Netzbetreiber für zügigen Ausbau der Strominfrastruktur

13. Jänner 2022, Wien

Möglichst unbehindert wollen die heimischen Verteilnetzbetreiber die Strominfrastruktur in den kommenden Jahren zügig ausbauen. Das sei notwendig, um das System ausreichend zu wappnen für den künftig höheren Anteil an schwankender Wind- und Solarstromerzeugung sowie für die Einbindung der neuen Energiegemeinschaften, sagte Netz-OÖ-Geschäftsführer Manfred Hofer am Donnerstag bei einer Veranstaltung des Forum Versorgungssicherheit.

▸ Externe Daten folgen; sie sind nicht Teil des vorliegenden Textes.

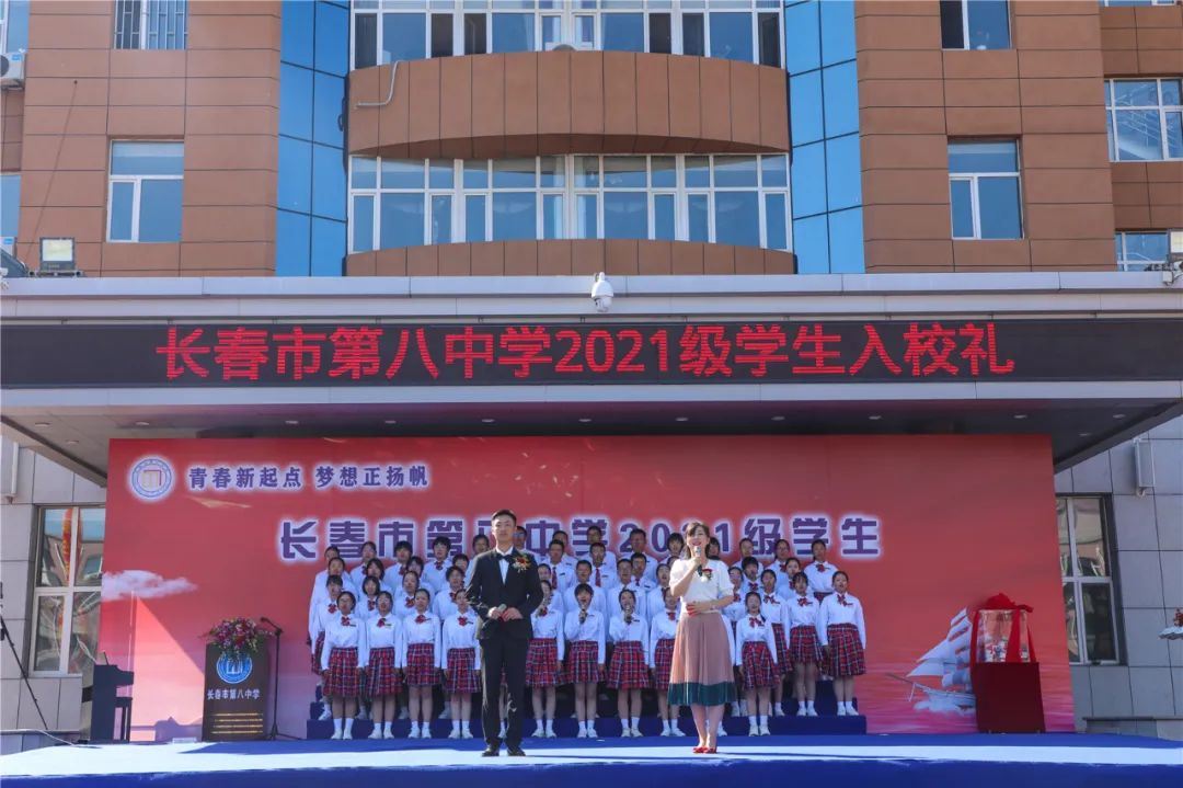 入校礼第八项:师生合唱校歌《八中——梦想开始的地方》。

Hinderlich seien die oft zu langen Genehmigungsverfahren, „Akzeptanzwidersprüche“ aus der Bevölkerung, immer wieder auftauchende „Systemdiskussionen“, in denen etwa Erdkabel statt Freileitungen gefordert würden, sowie auch ganz allgemein „Bewahrungswünsche“, wonach alles so bleiben müsse wie es ist. Wo es sinnvoll sei, gebe man dem Erdkabel den Vorzug, bei der Hoch- und Höchstspannung sei das aber die Freileitung. Man gehe sensibel vor und respektiere Umwelt- und Klimaschutz. Doch dürfe nicht ein einzelnes Vogelnest ein Windrad oder – wie gerade im Innviertel in OÖ – ein Ameisenhaufen eine Leitung verhindern. Hier müsse man gewichten und priorisieren, denn ohne gute Netze könnten die 2030er-Ziele einer erneuerbaren Stromversorgung nicht erreicht werden, so Hofer.

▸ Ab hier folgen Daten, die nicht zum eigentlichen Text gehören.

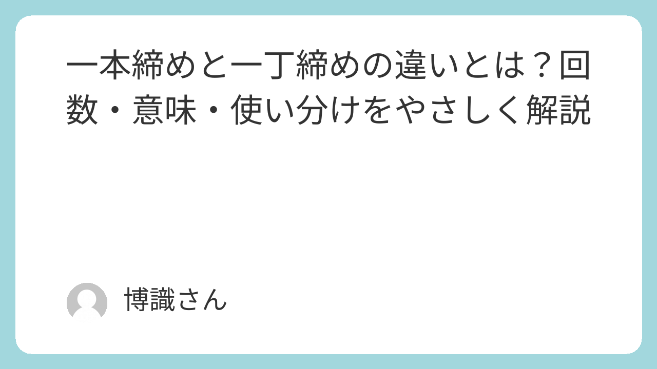 一本締めと一丁締めは、知識としては簡単に区別できるものです。
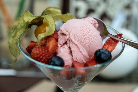 Cool fruit ice cream for summer. Delicious dessert that goes well with every meal.

Als positiv wertete Hofer die Bewilligungsfreistellung für elektrische Leitungsanlagen bis zu 45 Kilovolt (kV). Das betrifft die Erweiterung von Trafostationen, wichtig für Photovoltaik und E-Mobilität. Dadurch seien hier keine meist halbjährigen Verfahren mehr nötig, es reiche einfach eine Anzeige des Vorhabens. Auf Bundesebene sei das beschlossen, jetzt seien die Länder mit der Umsetzung am Zug. „Die Auf- und Abfahrten ins Netz müssen passen, dort darf es keinen Stau geben.“ Künftig werde es mehr Umbauten bei Umspannwerken und Trafostationen geben.

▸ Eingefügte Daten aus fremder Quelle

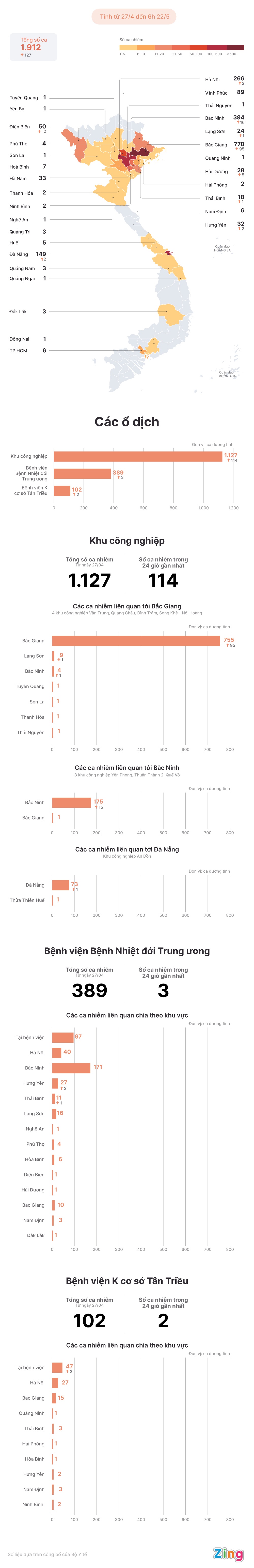 Từ 27/4 đến nay, Việt Nam phát hiện tổng cộng 1.912 người mắc Covid-19 tại 30 tỉnh, thành phố. Trong đó, phần lớn ca bệnh liên quan ổ dịch ở các khu công nghiệp.

Passen müsse für den Netzausbau auch der finanzielle Rahmen. Momentan liege die Angemessenheit für die Verzinsung für Netzbetreiber bei 4,3 bis 5,2 Prozent im Jahr. Eine solche Größenordnung sei nötig, um nicht im Wettkampf um Investments zu unterliegen, wenn sich etwa ein neues Windrad mehr rentiere als ein Netzausbau. Noch heuer werde man diesbezüglich mit der Regulierungsbehörde E-Control die Diskussion starten.

Bis 2030 wollen die Netzbetreiber 18 Mrd. Euro in den Ausbau stecken – samt den 3,5 Mrd. der APG, die für die Hoch- und Höchstspannungsnetze zuständig ist. Davon entfallen allein bei den fünf im Forum Versorgungssicherheit organisierten Verteilernetzbetreibern in OÖ, NÖ, Wien und dem Burgenland 5,9 Mrd. Euro auf den Ausbau der Leitungen und der übrigen Strom-Infrastruktur sowie 0,9 Mrd. Euro auf die Modernisierung der Zähler-Infrastruktur. Österreichweit würden für Smart Meter 2 Mrd. investiert. Die neuen Zähler seien eine Voraussetzung zur Steuerung der künftig hochkomplexen Systeme mit mehr Erneuerbarem-Strom und den virtuellen Energiegemeinschaften.